FIG. 10 is an exploded perspective view of a fuel cell according to a fourth embodiment of the present invention.

FIG. 11 is a plan sectional view showing the upper surface of a first partition wall member in a fuel cell according to a fourth embodiment of the present invention.

FIG. 12 is a cross-sectional plan view showing an upper surface of a second partition wall material in a fuel cell according to a fourth embodiment of the present invention.

FIG. 13 is an exploded perspective view of a fuel cell according to another embodiment.

FIG. 14 is a perspective view of a conventional fuel cell.

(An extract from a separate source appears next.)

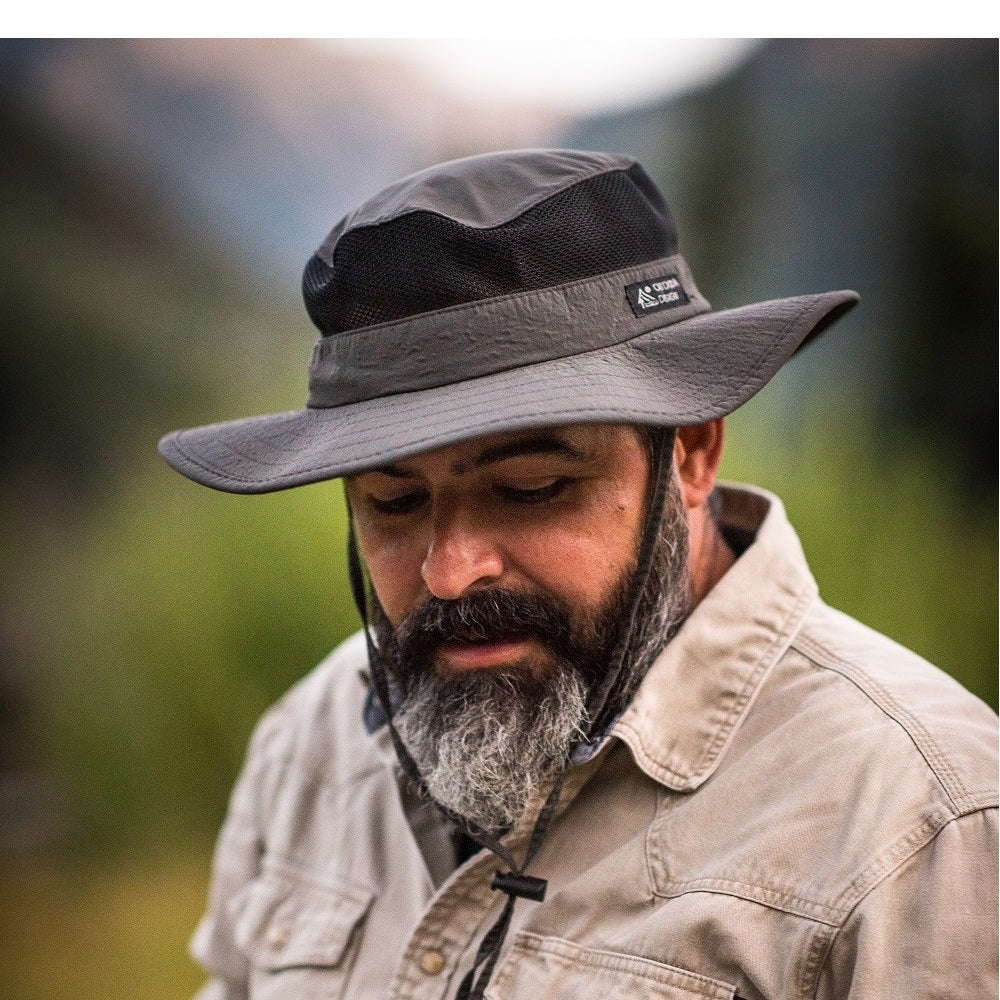 With a mesh-vented crown, this safari hat is excellent for all sorts of summer outings. It's neutral and subtle but utterly functional. It's the ideal hat for an outdoorsperson who also likes curling up by the fire.
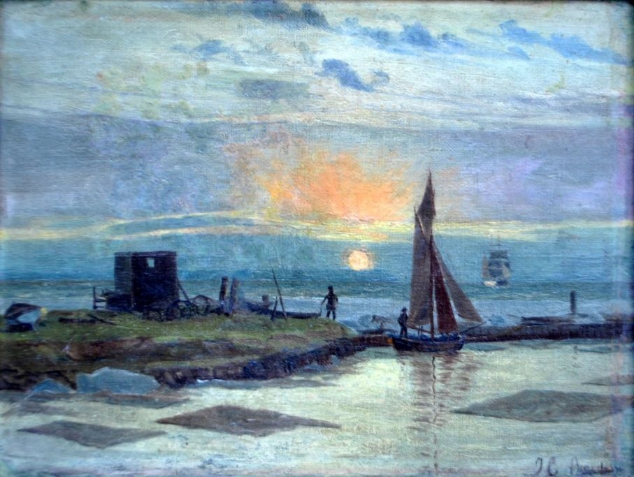 Danish artist (19th century): Sails are in the water in a small fishing port

[Description of Signs] 1 Plate-shaped electrolyte layer 2 Oxygen electrode 3 Fuel electrode 4 Separator 6 First partition material 6A End face 7 Second partition material 7A End face 8 Columnar body 8A Applied surface 8B Connection surface 9 Seal material 11 Flow path forming member f fuel gas flow path s oxygen-containing gas flow path C cell Kf, Ks gas supply path Hf, Hs, Hsf gas discharge path NC cell integrated group

──────────────────────────────────────────────────続 き Continued on the front page (58) Field surveyed (Int.Cl. ⁷ , DB name) H01M 8/00-8/24

Claims (2)

(57) [Claims] A plate-like electrolyte layer (1) has a film-like or
Denotes a plate-like oxygen electrode (2) and a film-like or plate-like
For the rectangular three-layer plate with the fuel electrode (3) attached,
Either the oxygen electrode (2) side or the fuel electrode (3) side
A separator (4) is provided only on the side
(2) Or the fuel electrode (3) and the separator (4)
Between the oxygen-containing gas flow path (s) or the fuel gas flow path (f)
Are formed, and a rectangular plate-like cell (C) forming
(C) is the cell by the separator (4).
One pair of opposite end faces in (C) is the acid
Element-containing gas channel (s) or fuel gas channel (f) opened
It becomes an open end face, and the other pair of opposite end faces is
Oxygen-containing gas flow path (s) or fuel gas flow path (f) is closed
And a pair of elongated first partition members (6), (6).
The pair of second bulkhead members (7) and (7) are stacked in a grid pattern.
And the cell (C) is a pair of end members on the opening end surface side.
Each of the pair of first partition members (6), (6)
In a state in which the pair of second partition members (7),
(7) The cell (C) is duplicated by being disposed between the cells.
The number of fuel gas passages (f) between the cells (C) or
Is a laminated state in which the oxygen-containing gas flow path (s) is formed
A cell integrated group (NC) formed side by side with a column (8), wherein a column (8) is erected at each of four corners of the cell integrated group (NC), and the column (8) A planar contact surface (8A) intersecting with each of two side surfaces of the cell integration group (NC) connected to the corner when viewed in the stacking direction of the cell integration group (NC); The two end surfaces (6A) and (6A) of the first partition wall member (6) and the both end surfaces (7A) and (7A) of the second partition wall member (7) respectively correspond to the columnar bodies (8) and (8). ) Each of the contact surfaces (8
A) and (8A) are formed in an inclined manner so as to be able to adhere to each of the second partition wall material (7) and the cell.
In the gap with the closed end face of
A fuel cell filled with a sealing material (9) for sealing . 2. A gas supply path (Ks) or (Kf) for supplying an oxygen-containing gas or a fuel gas to each of the cells (C) along the longitudinal direction of the column (8). C) Gas discharge paths (Hs), (Hf), (Hs) for discharging the discharged oxygen-containing gas or discharged fuel gas from each of them.
The fuel cell according to claim 1, further comprising a planar connection surface (8B) for closely adhering the flow path forming member (11) for forming f).